Lu-Lu has had both her injections, is wormed and has had flea treatment. She is house trained but has not had much formal training. Clicker training is advised with this gentle soul. Lu-Lu will have to be spayed on agreement with adoption.

If you are interested please call Puppies Animal Rescue on: 01159 630326


----------



## missy11 (Apr 25, 2011)

Hope they all find nice homes soon


----------



## bigdaddy (Feb 5, 2011)

awww they are lovely shame our daughter isnt old enough


----------



## SLB (Apr 25, 2011)

bigdaddy said:


> awww they are lovely shame our daughter isnt old enough


I've only put over 12 as they are quite big and have the ability to knock a small child over - if precautions are put in place they are adoptable to anyone with children of any ages - I put the over 12 because not everyone is sensible with puppies and children together 

Please if you are interested, get in touch - they are wonderful puppies and they deserve a home.


----------



## matty198111 (Jan 30, 2010)

how big will these dogs grow, compared to a 100% staffy

i have sent you a pm


----------



## matty198111 (Jan 30, 2010)

sally is gorgeous, well they all are but she is a beaut


----------



## matty198111 (Jan 30, 2010)

sent email and pm but no reply 

i can offer one of these a home


----------



## SLB (Apr 25, 2011)

matty198111 said:


> sent email and pm but no reply
> 
> i can offer one of these a home


Sorry - I run the rescue's email (they don't have net) and I haven't been on for a while - I'm useless, I have sent you a reply. Sorrry!

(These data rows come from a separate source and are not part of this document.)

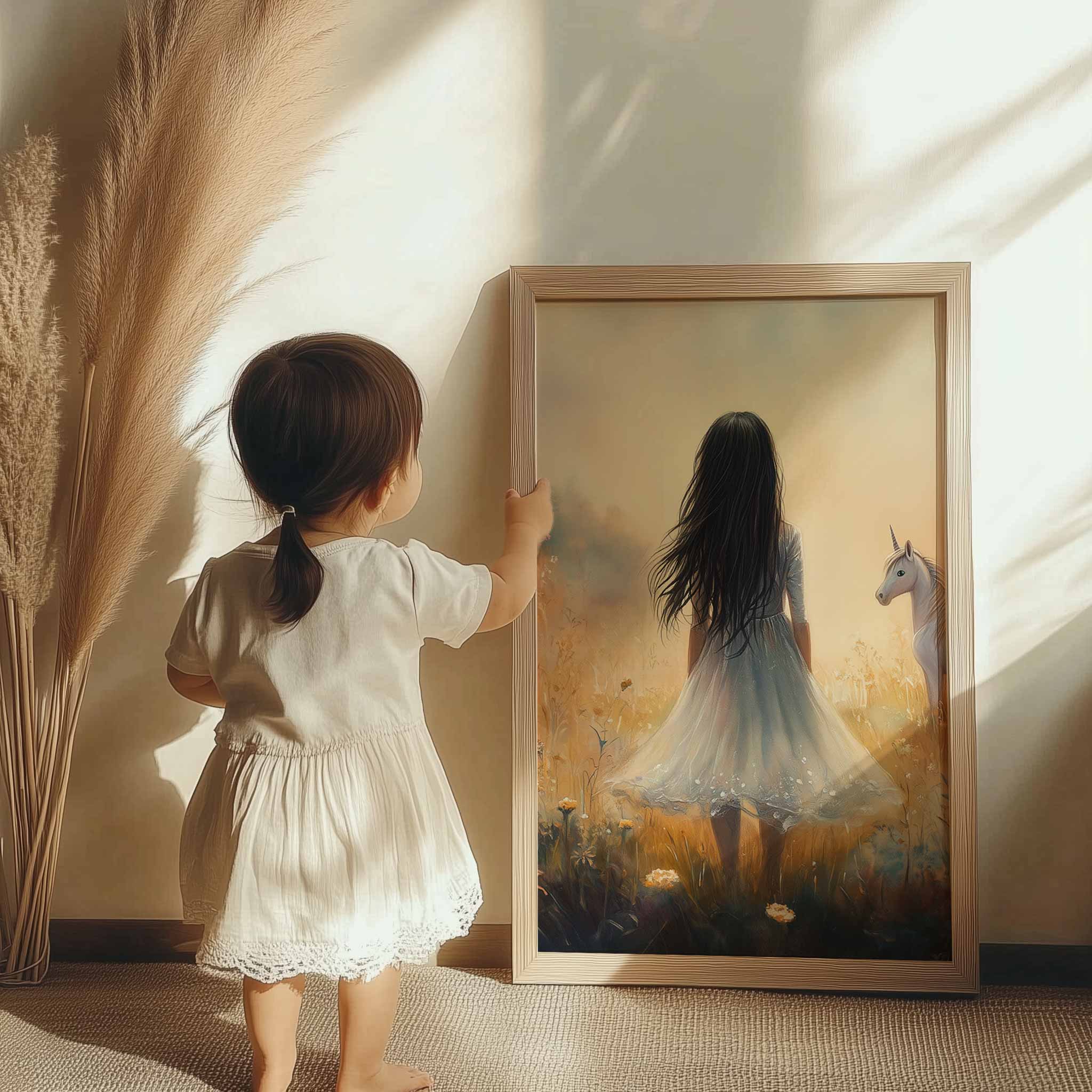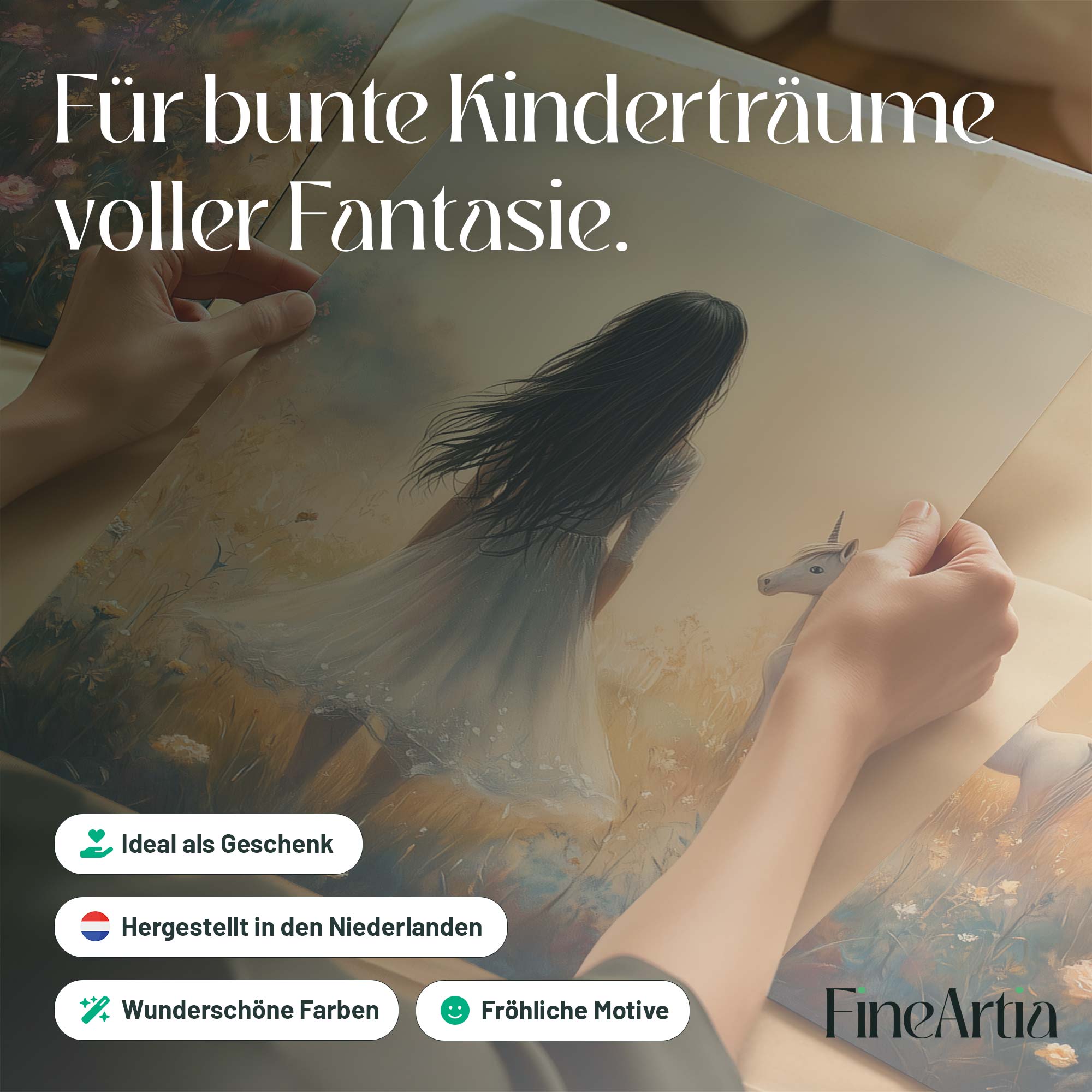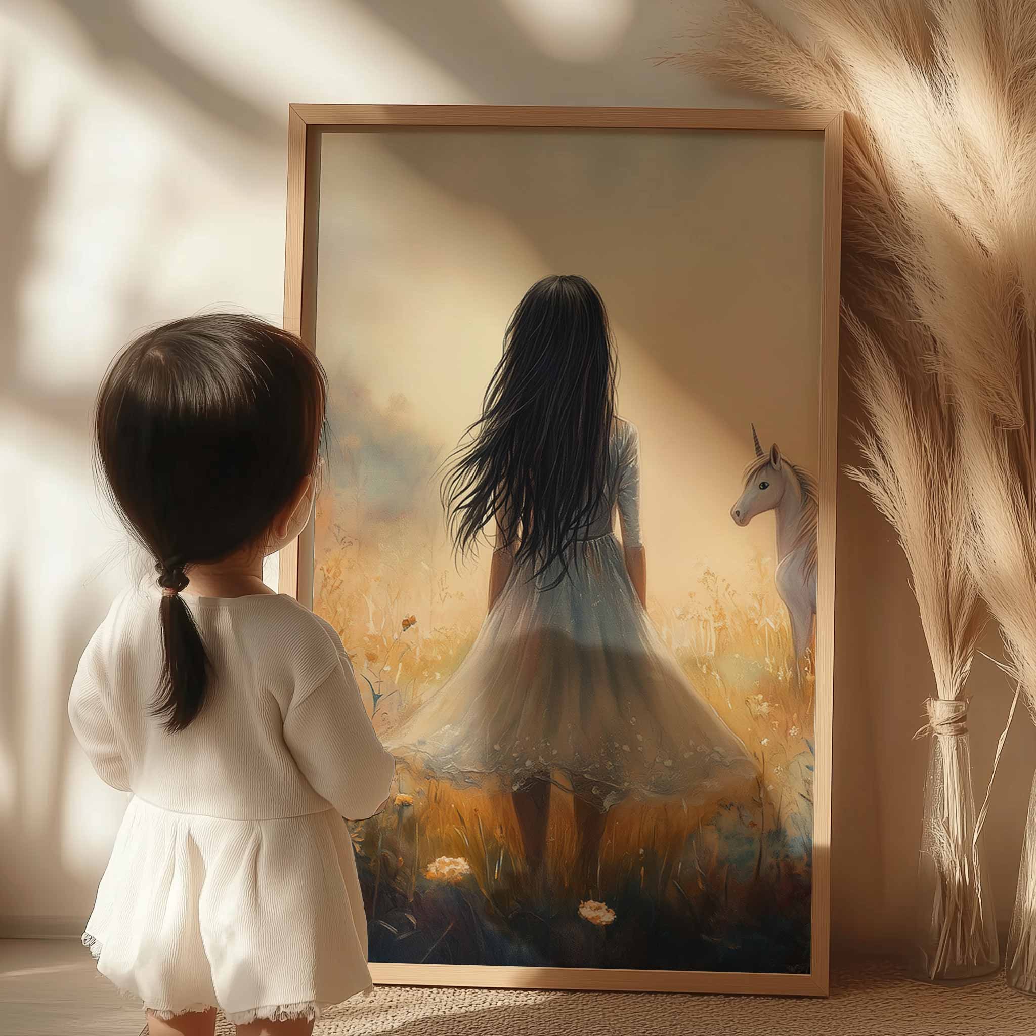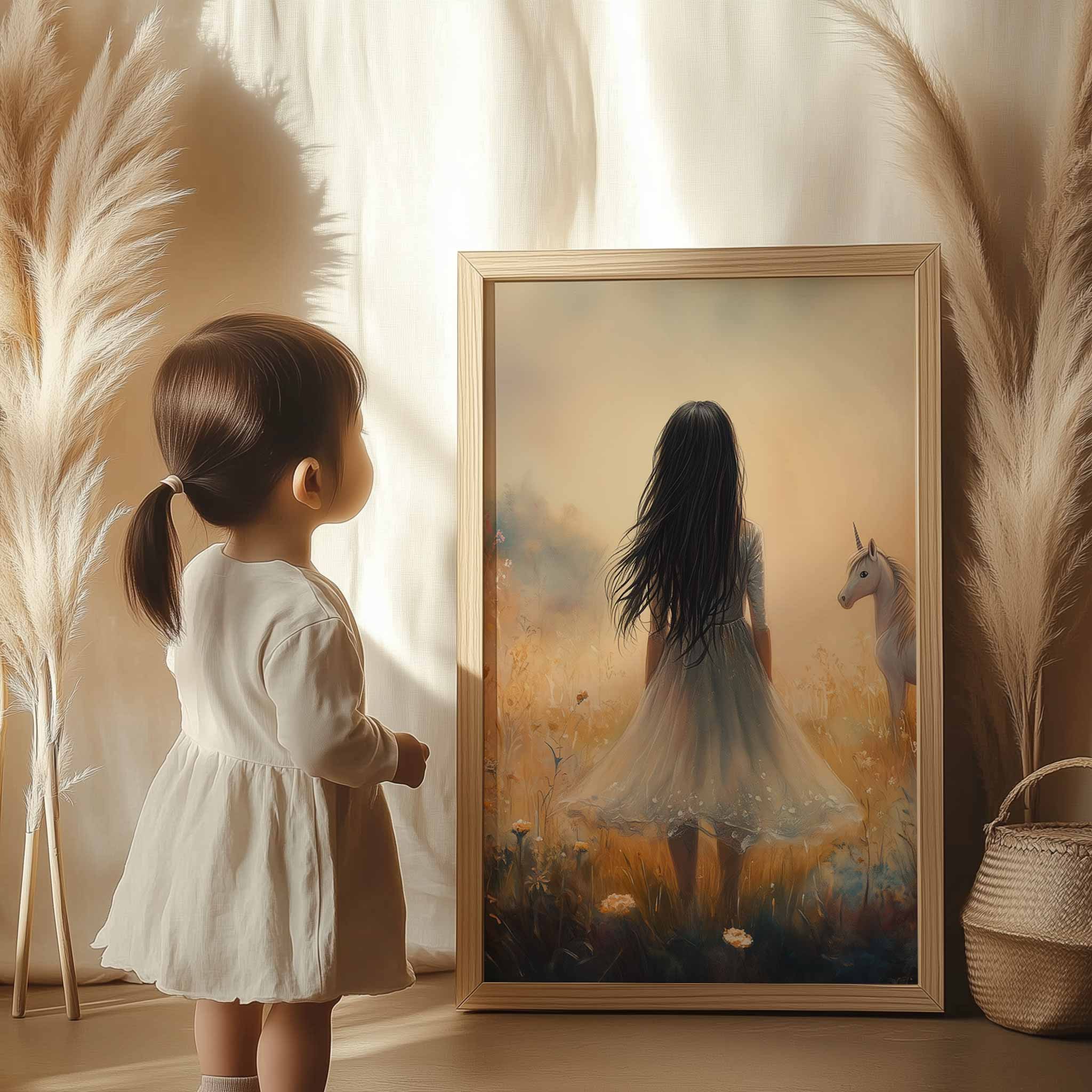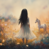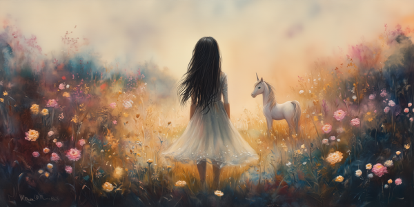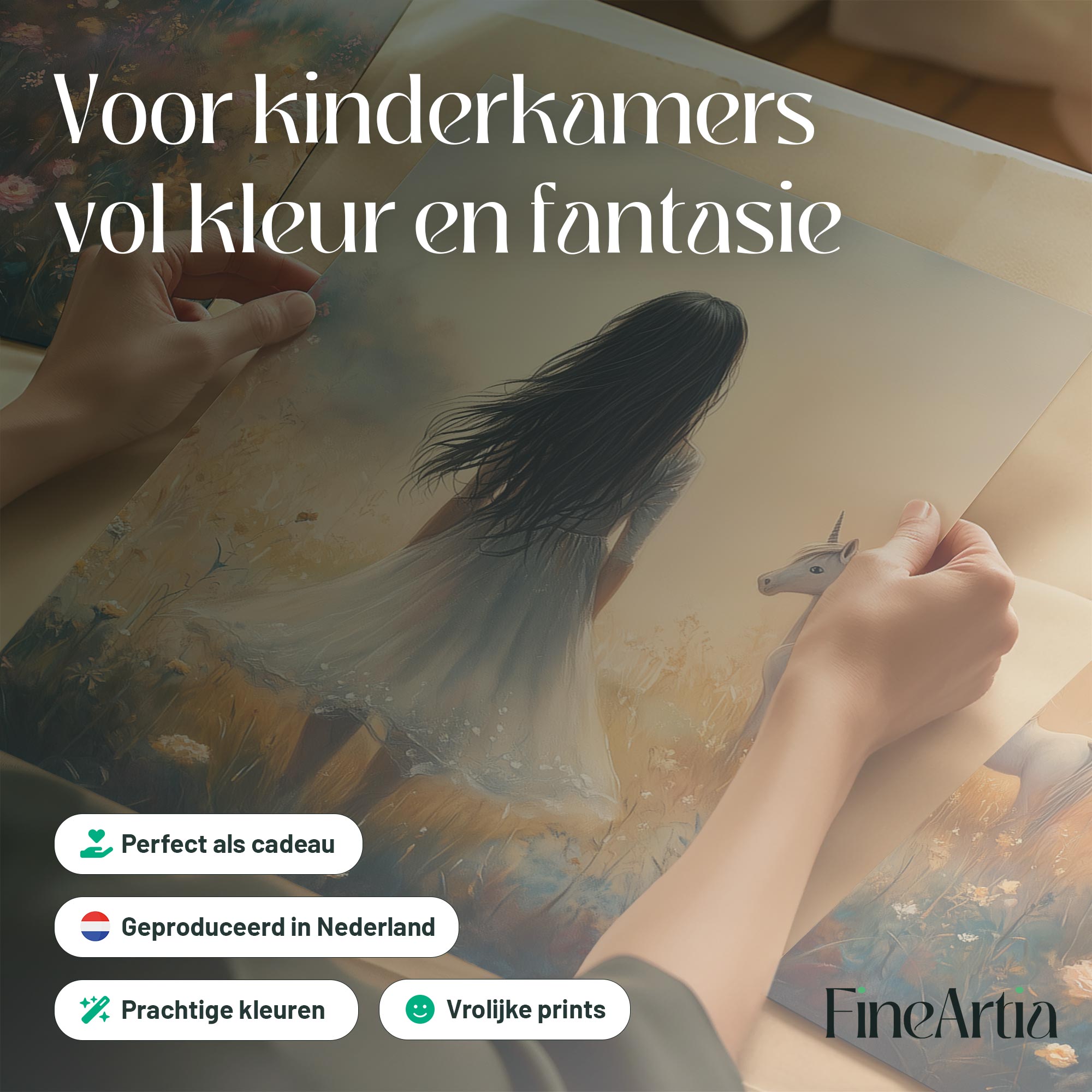 Magisch Meisje en Eenhoorn in Pastel Bloemenveld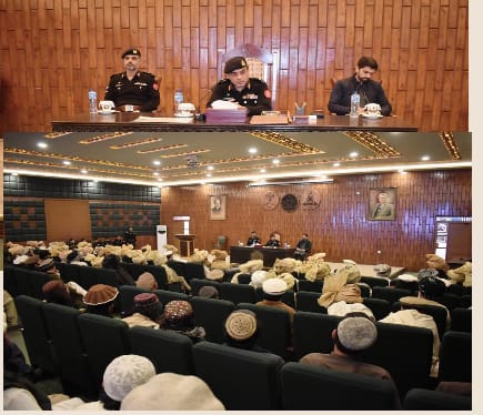 جرگے کے دوران سیکورٹی کی موجودہ صورتحال امن وآمان کی بحالی کے لئے سیکورٹی فورسز اور عمائدین کی مشترکہ کوششوں پر تفصیلی تبادلہ خیال کیا گیا۔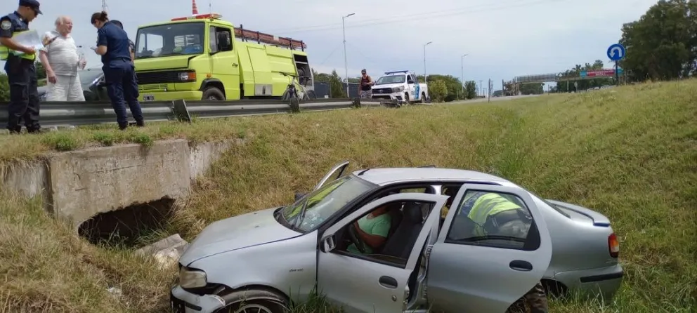 Despiste en la Autovía 2: un auto terminó en el canal de desagüe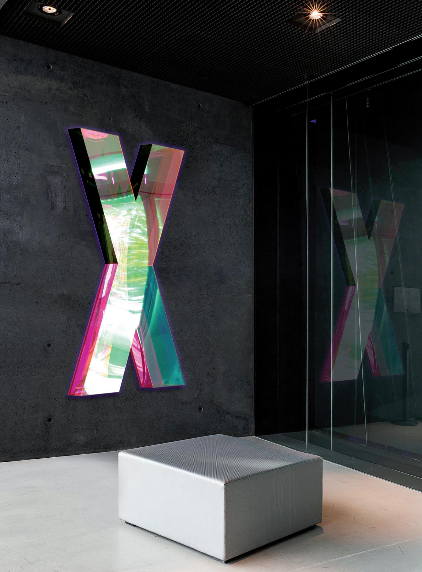 ‘I use ’X’ as a signature to authenticate the idea that the thoughts and actions of women are to be treasured. Colour is the vehicle I use as an emotive language and in combination with light the illuminations reflect a heightened intensity much like looking into a kaleidoscope.’ – Wendy Hannah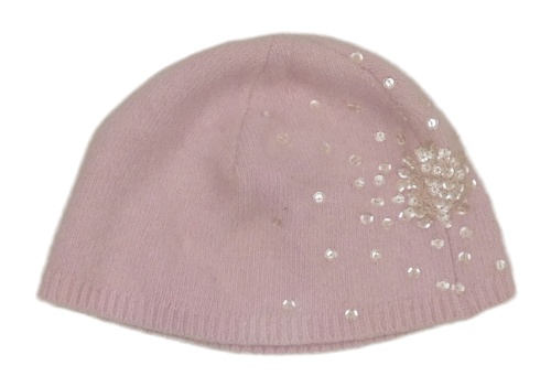 Svetloružová pletená čapica s flitrami
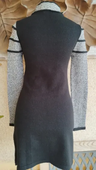 Vestido de punto suave de corte ajustado, ideal para el otoño e invierno. De manga larga, con cuello alto y diseño de rayas negras sobre fondo gris jaspeado, espalda en negro completo. Perfecto para un look casual o para salir. No dice talla siendo adecuado para S/M, comprobar medidas. Referencia visual busto talla M. Con muy poco uso prácticamente nuevo Vestido de malha macia com corte justo, ideal para o outono e inverno. outfit winter, coquette, hiver, abito in morbida lana, vestido punto suave cuello cisne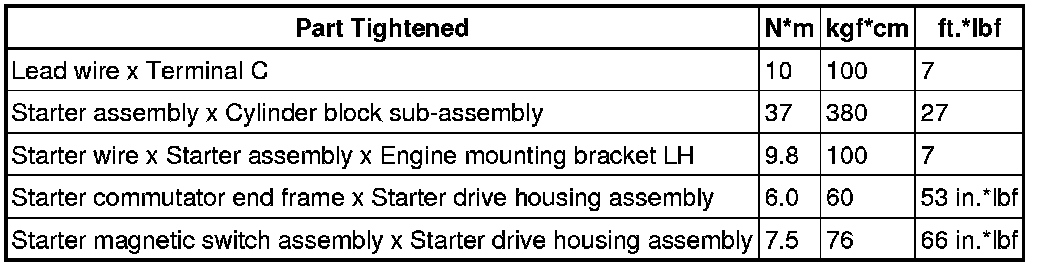 SERVICE SPECIFICATIONS: 2AZ-FE STARTING: TORQUE SPECIFICATIONS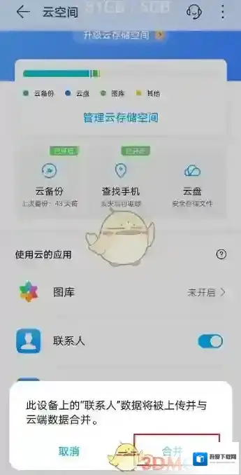 4、开启合并联系人后,我们就可以在别的设备上通过华为云空间来恢复联系人了。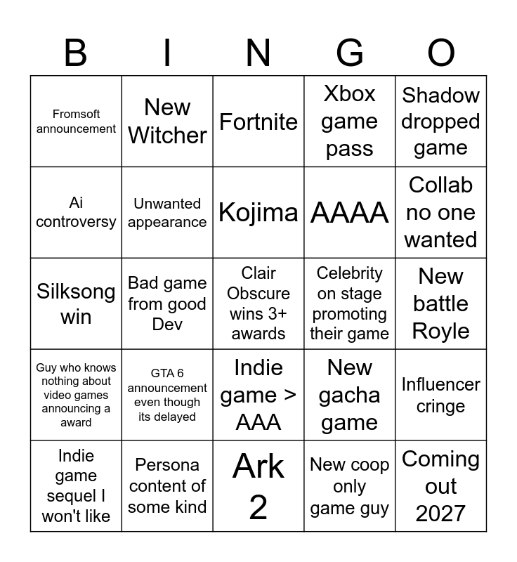 This bingo card has a free space and 24 words: GTA 6 announcement even though its delayed, Persona content of some kind, Kojima, Indie game sequel I won't like, Shadow dropped game, Fromsoft announcement, Ai controversy, New Witcher, Celebrity on stage promoting their game, Indie game > AAA, AAAA, Silksong win, New gacha game, Influencer cringe, Unwanted appearance, New coop only game guy, New battle Royle, Fortnite, Collab no one wanted, Bad game from good Dev, Coming out 2027, Guy who knows nothing about video games announcing a award, Xbox game pass and Ark 2.

Are you sure you put the right email address - I have just checked and there is no email from you :/

You can see more about the rescue here: http://puppiesanimalrescue.yolasite.com

Apologies to mods if sites are disallowed


----------



## new westie owner (Apr 30, 2010)

Gorgeous puppies hope they find homes soon


----------



## SLB (Apr 25, 2011)

Matty198111 - have you re-tried the email address or given the rescue a ring. The best time to call is in the morning about half 8 and in the evening about half 6 - 8pm the rest of the time, the dogs are out on walks.

I have let her know you might be calling soon - so please get in touch if you are still interested.


----------



## RockRomantic (Apr 29, 2009)

send them all to me!!!! there beautiful hope they find forever homes soon


----------